Uncovering the emotion of eating to develop winning products
Guest blog by Dietmar Weiss email@example.com
Eating can give us a myriad of sensations and emotions, good and bad, but it can be difficult for us to put these feelings into words. The slightly earthy, bitter, lingering flavour of elderberry jam can transport me back to my childhood in Germany and give me a warm homely feeling, but I find it hard to adequately describe it in words.
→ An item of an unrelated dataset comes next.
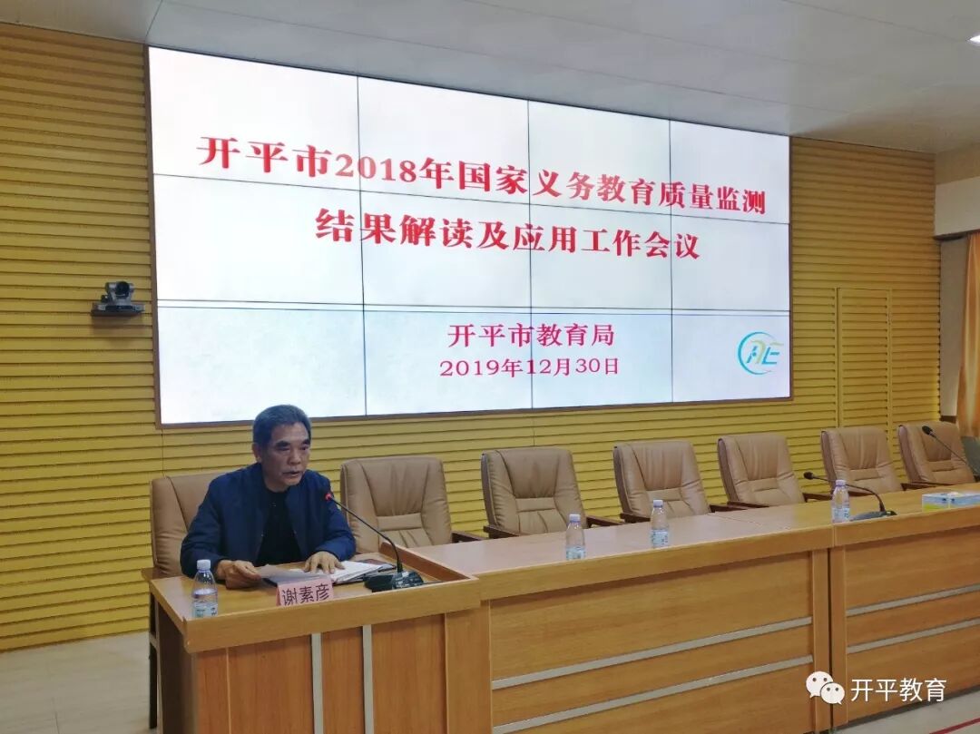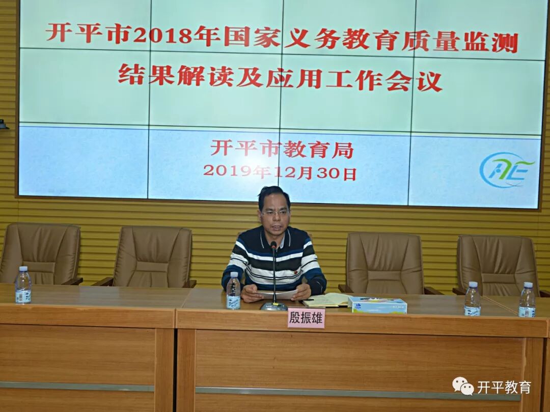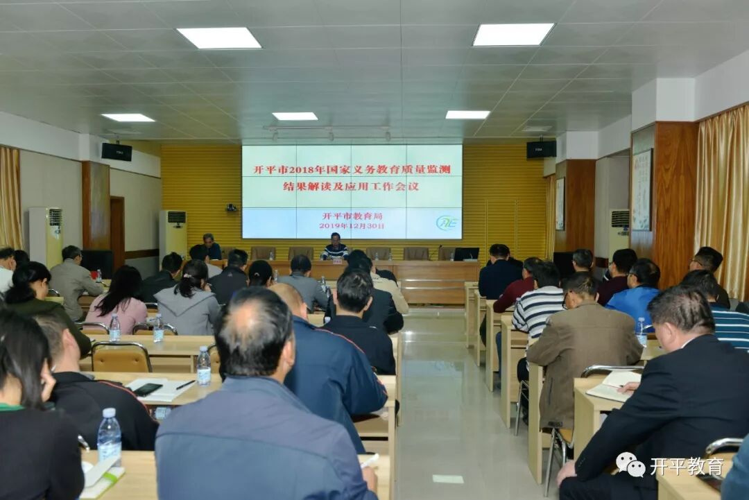 12月30日,开平市教育局组织召开2018年国家义务教育质量监测结果解读及应用工作会议。市教育局副局长殷振雄、教育局相关股室负责人、数学和体育学科教研员,全市中心学校业务干部、义务教育阶段学校业务副校长等共110多人参加会议。

So we know what we like, but the reasons for why we like or dislike a food might be buried deep in our unconscious. Unlocking these emotions and feelings for foods is the basis of my research.
In Japan the feeling about something is called Kansai and Kansai engineering is the method by which feelings and impressions are extracted to optimize products during development, Seeking To communicate with the brain processes that are instinctive and emotional (System 1), rather than what is deliberate and logical (System 2, in Kahneman & Frederick, 2002 nomenclature).
My research focuses on extracting the emotional response to a food product by building a picture representation of these emotions through a visual process. Picture pairs are used to capture the emotional response of the individual to the food. For example a picture pair of a desert and a waterfall, and many others are shown to span an emotional space. The consumer picks the picture which intuitively describes what they are feeling when consuming the product, thereby building a semantic space. For example, we found a salsa sauce sample that contains in its spices mix, a higher amount of smoked chilli and cinnamon that might trigger a more defined feeling of warmth and excitement when the consumer eats it. Consumers were tending more towards pictures of a hot sunny place and pictures of a laughing and lively group of people rather than a snow covered landscape and a solitary person.
Data collected from this testing method will be statistically modelled to reduce the need for time consuming testing, and hopefully arrive faster at an optimal product.
This is an exciting new and emerging tool for food product development and food marketing and is likely to be a new way by which food companies can design specific products that the consumer is more likely to buy.